В академическом плане я прежде всего обязан профессору, бывшему моим мудрым научным руководителем в аспирантуре Стэнфордского университета, — Уэйну Вусиничу, «дядюшке Уэйну». Именно он поощрял мое стремление изучать Восточную и Западную Европу как единое целое, именно он помогал мне в работе над докторской диссертацией по истории взаимоотношений между Польшей и Ватиканом, именно он на своем примере показал, что Восточная Европа заслуживает от своих историков честности, аккуратности и научной утонченности. Есть у меня и еще более давний долг, перед Виктором Уэйнтраубом, который преподавал мне в Гарварде польский язык, литературу и историю идей. Книги, которые он давал мне читать, в том числе «Znaszli ten kraj?» Бойа и «Rodzinna Europa» Милоша, натолкнули меня на размышления о Западной Европе и Европе Восточной. Я считаю своей большой удачей, что он помогал мне своими советами в начале моей работы над этой книгой, и после его смерти в 1988 году мне очень не хватало и его самого, и его наставлений. Темой моей книги я обязан также и предыдущим поколениям ученых, учителям моих учителей, поскольку в основе ее лежат труды Роберта Кернера о Богемии в XVIII веке и Станислава Кота о польской теме в западноевропейской политической литературе.
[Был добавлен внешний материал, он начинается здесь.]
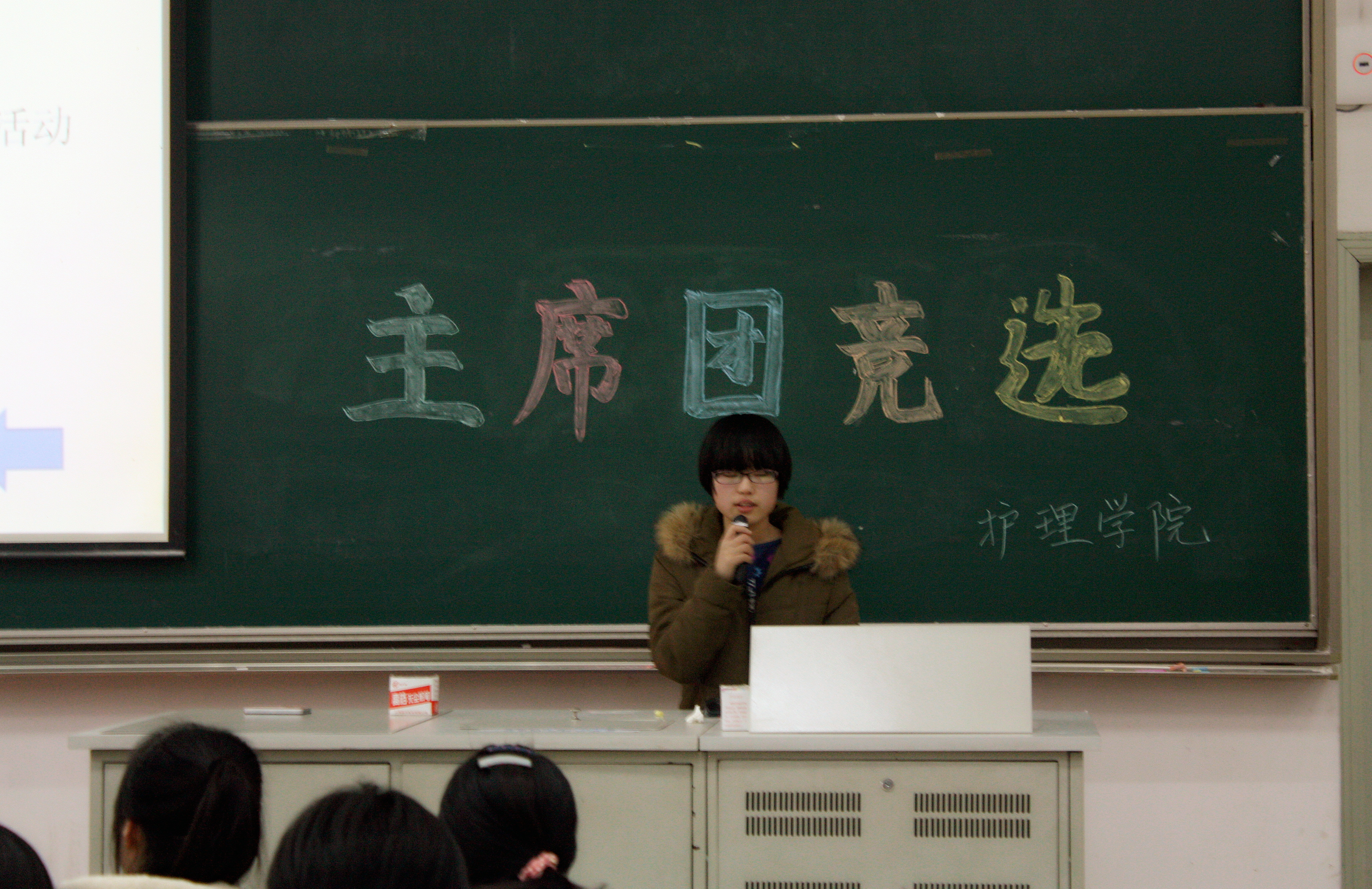 2014年2月24日下午4:30,我院在阶三举办了主席团换届竞选大会。此次大会邀请了王丽丽老师、吴菲老师、付梦楠老师和原主席团成员作为专业评委,同时,会议也请了各班学生代表担任大众评委。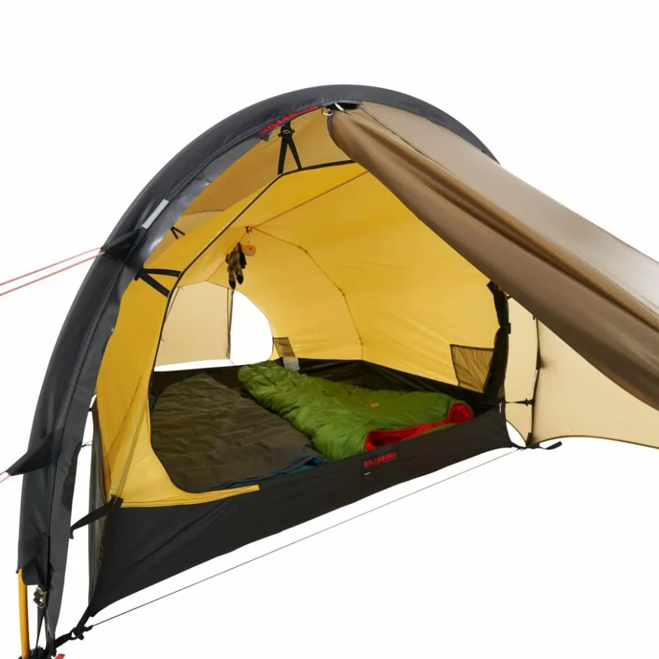 Das Helags ist äußerst hochwertig verarbeitet. Dreifach silikonisiertes Außenmaterial (Kerlon 1000) mit 8 kg Reißfestigkeit, eine hohe Wassersäule im Bodenbereich und reißfeste Abspannleinen garantieren eine jahrelange Nutzung. Und damit du im Sommer nicht von Gnitzen oder Midges im Zelt attackiert wirst, ist das Innenzelt mit einem besonders engmaschigen Moskitonetz versehen.
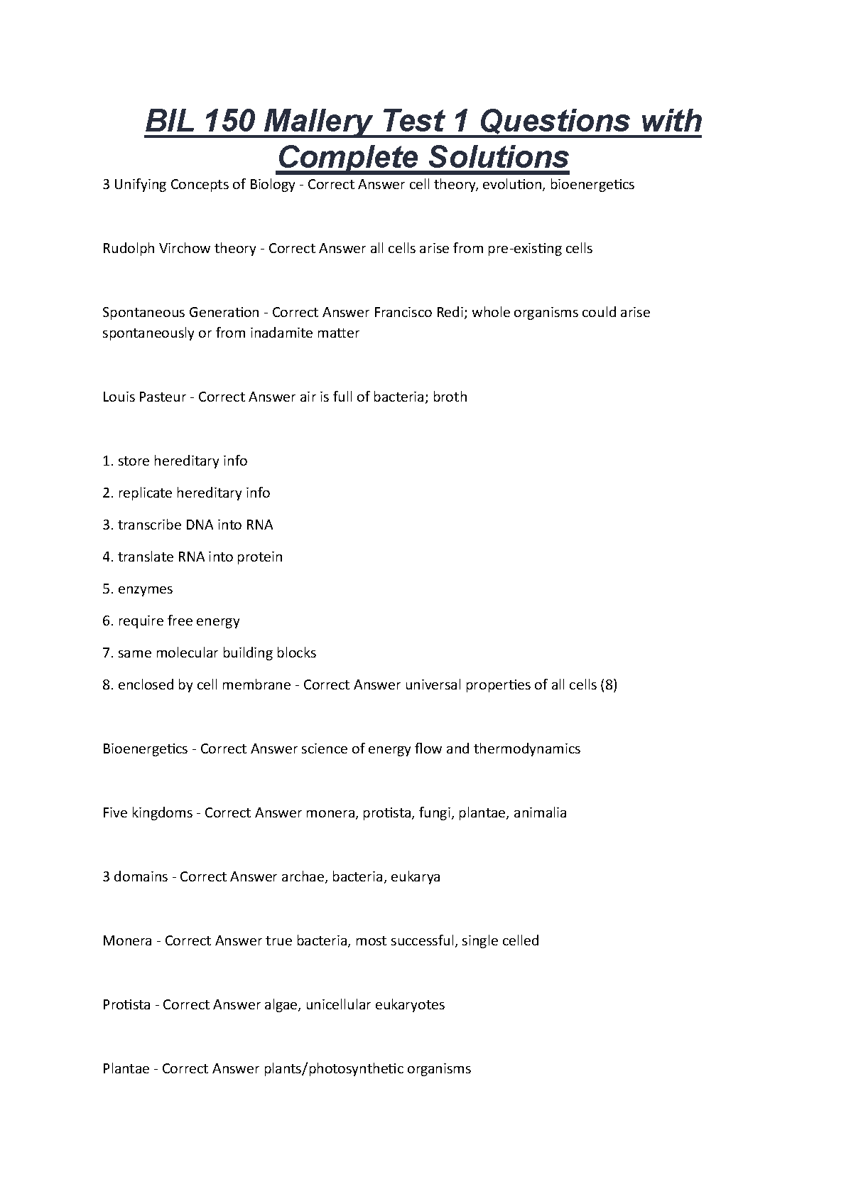 Ace your BIL 150 exam with this comprehensive guide featuring complete solutions to Test 1 questions. Master cell theory, evolution, bioenergetics, and key concepts, ensuring a first-time pass. Ideal for students aiming for exam success in the 2024/2025 academic year.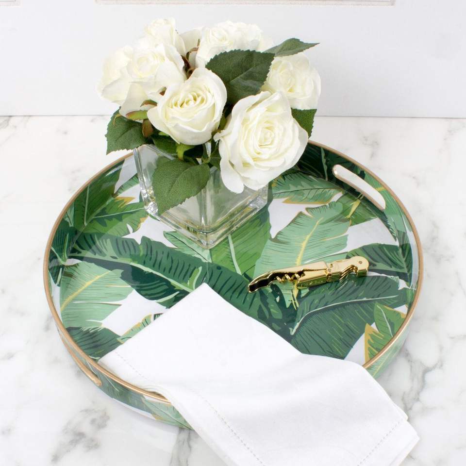Plateau de service rond à motif de feuilles tropicales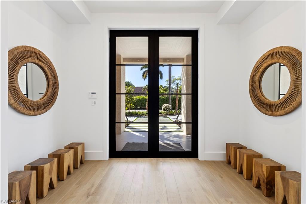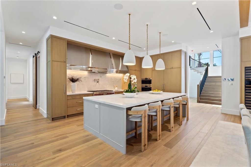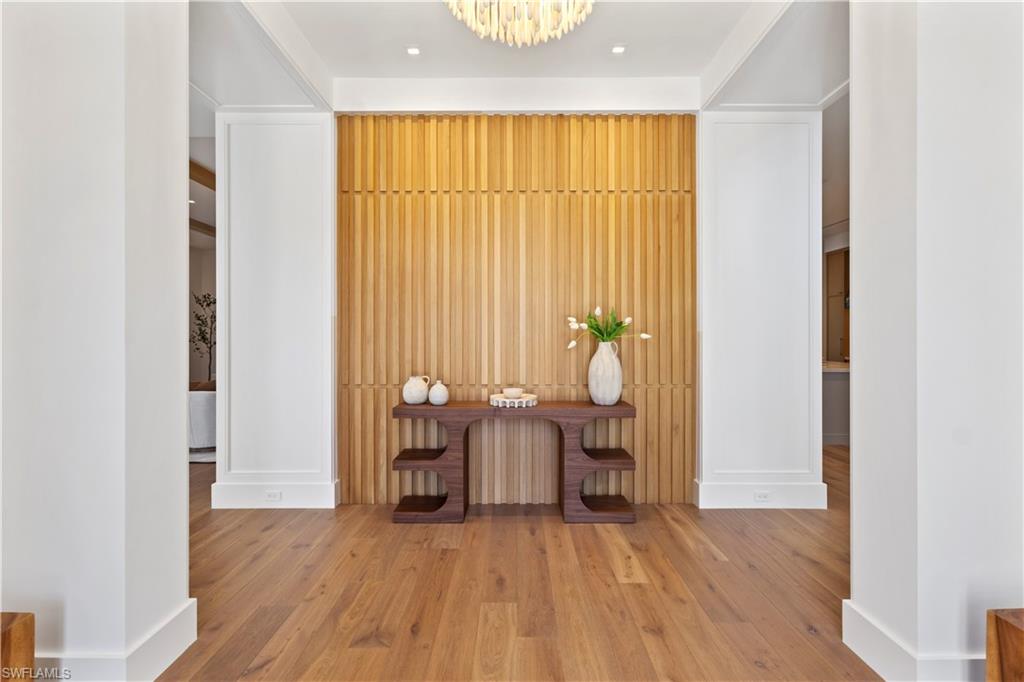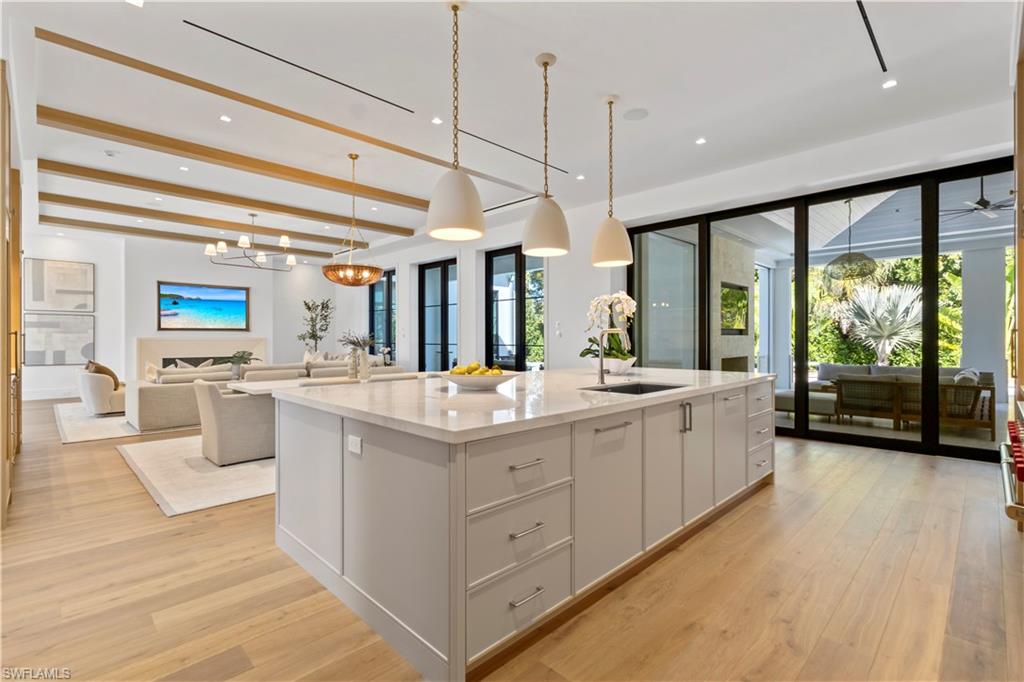Welcome to refined coastal luxury within this brand new home, thoughtfully positioned in the heart of the Coquina Sands neighborhood just blocks from the Gulf beaches and the new Four Seasons Resort. This five-bedroom, five-and-a-half-bath residence masterfully fuses timeless architecture with the finest finishes and seamless indoor-outdoor living, creating an effortless extension of your lifestyle to the outdoors. The great room serves as the perfect gathering space and is anchored by a custom fireplace and abundant natural light through impressive floor to ceiling windows. The gourmet chef’s kitchen is a true culinary masterpiece, highlighted by a full width custom fabricated stainless steel exhaust hood, a generous central island ideal for casual dining and entertaining, and a well appointed butler’s pantry that adds both convenience and elegance for effortless hosting. A striking front entry with White Coral Stone cladding delivers an unforgettable first impression, while custom Cumaru wood-wrapped detailing accents the stairwell and great room windows, infusing the interiors with rich warmth, natural texture, and superior craftsmanship throughout. Outdoors, the resort-style 60-foot pool complete with a spacious sun deck, covered outdoor kitchen, and fireplace offers the ultimate private oasis for memorable gatherings or relaxed lounging. Expertly balancing great design with a highly functional layout, this stunning new construction home is perfectly suited for both entertaining and family living, delivering an unparalleled lifestyle in one of Naples most sought-after communities.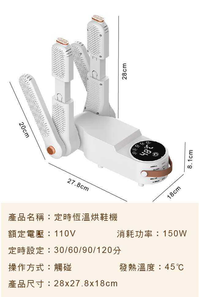產品名稱:定時恆溫智能雙臂烘鞋器
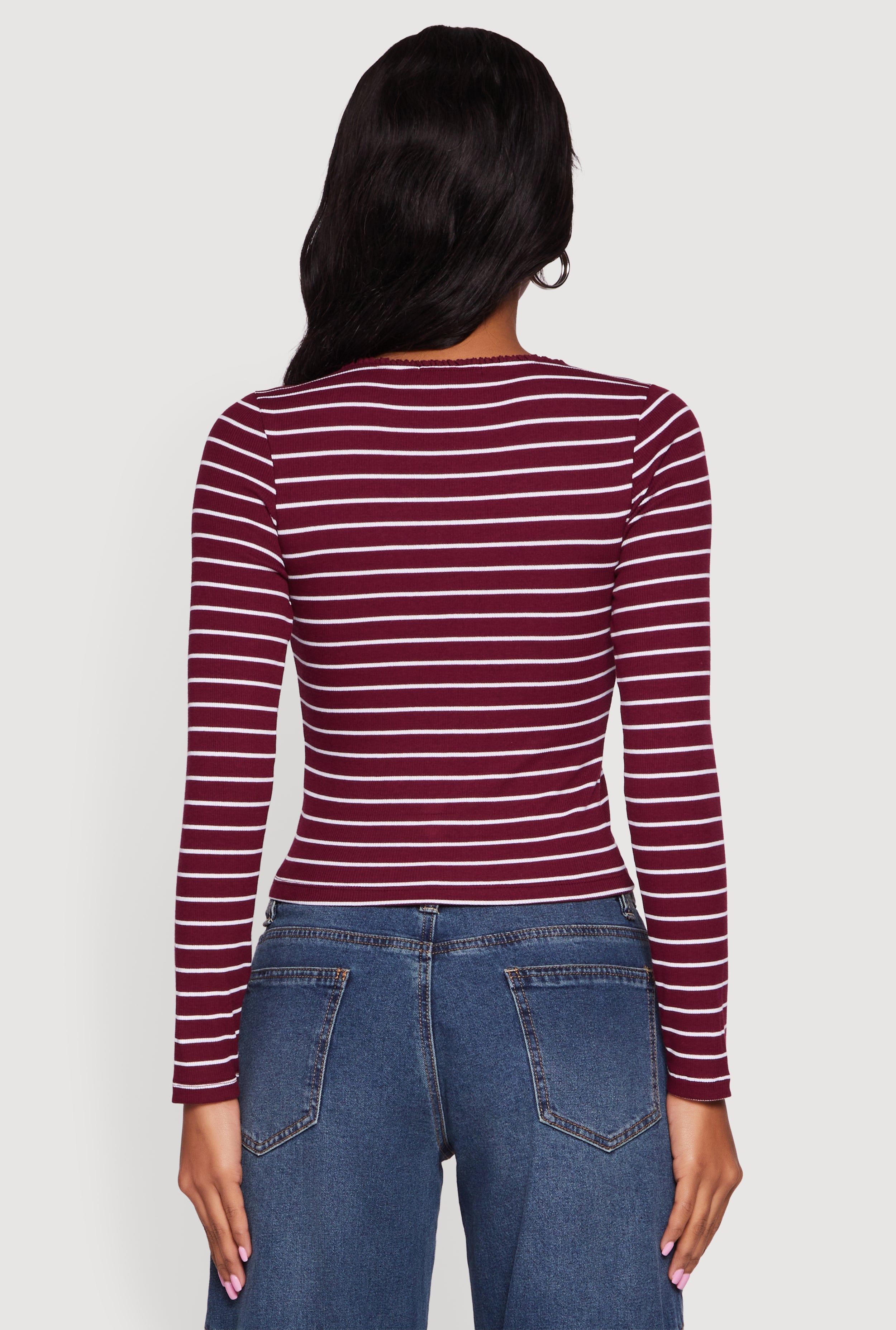 • Striped Rib Knit Cropped Long Sleeve Scoop Neck Tee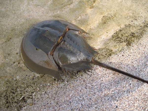鲎由三部分组成:头胸甲略呈马蹄形(故名马蹄蟹),腹部呈六角形两侧具棘刺,尾部是一根长的尾剑。鲎似蟹,比蟹大,生活在浅海沙质海底。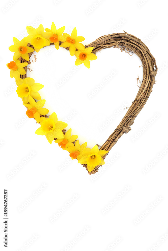 Romantic abstract heart shape daffodil narcissus flower woven wreath on white. Spring season, floral symbol of love for Mothers Day, anniversary, birthday card.

Когда я учился в аспирантуре Стэнфордского университета, еще два профессора, Гордон Райт и Гордон Крэйг, помогли мне получить научную подготовку, необходимую для работы над подобной темой. В частности, Гордон Райт посоветовал мне прочесть «Storia dell’idea d’Europa» Чабода, а Гордон Крэйг подтолкнул меня к размышлениям о том, как воспринимали Восточную Европу в Вене на протяжении почти столетия, разделявшего принца Евгения и князя Кауница. Из-за моих особых связей со Стэнфордским университетом мне особенно приятно, что эта книга печатается в его Издательстве, и я благодарен Норрису Поупу за редактуру. Я также благодарен Уильяму Абрахамсу и Доррит Кон за их советы, связанные с публикацией моей рукописи.

Во время работы над этой книгой я пользовался финансовой поддержкой Бостонского колледжа и Американского Совета Ученых Обществ. В течение последних нескольких лет я представлял отдельные части этой книги на различных конференциях. Я особенно благодарен Алексу Петиту за предложение сделать доклад о Вольтере на Конференции по изучению XVIII века в Сиэтле (1991 г.), а также Сюзан Сулейман, пригласившей меня выступить в Центре по изучению грамотности и культуры в Гарварде (1992 г.). В 1988 году на Конференции по польско-французским связям в Корнельском университете я обдумывал отдельные аспекты своего замысла, и Алейн Гуэри любезно позволил мне ознакомиться с его трудом о польской тематике в сочинениях физиократов. Благодарен я и Майклу Уилсону, который помог мне осмыслить итоги этой конференции.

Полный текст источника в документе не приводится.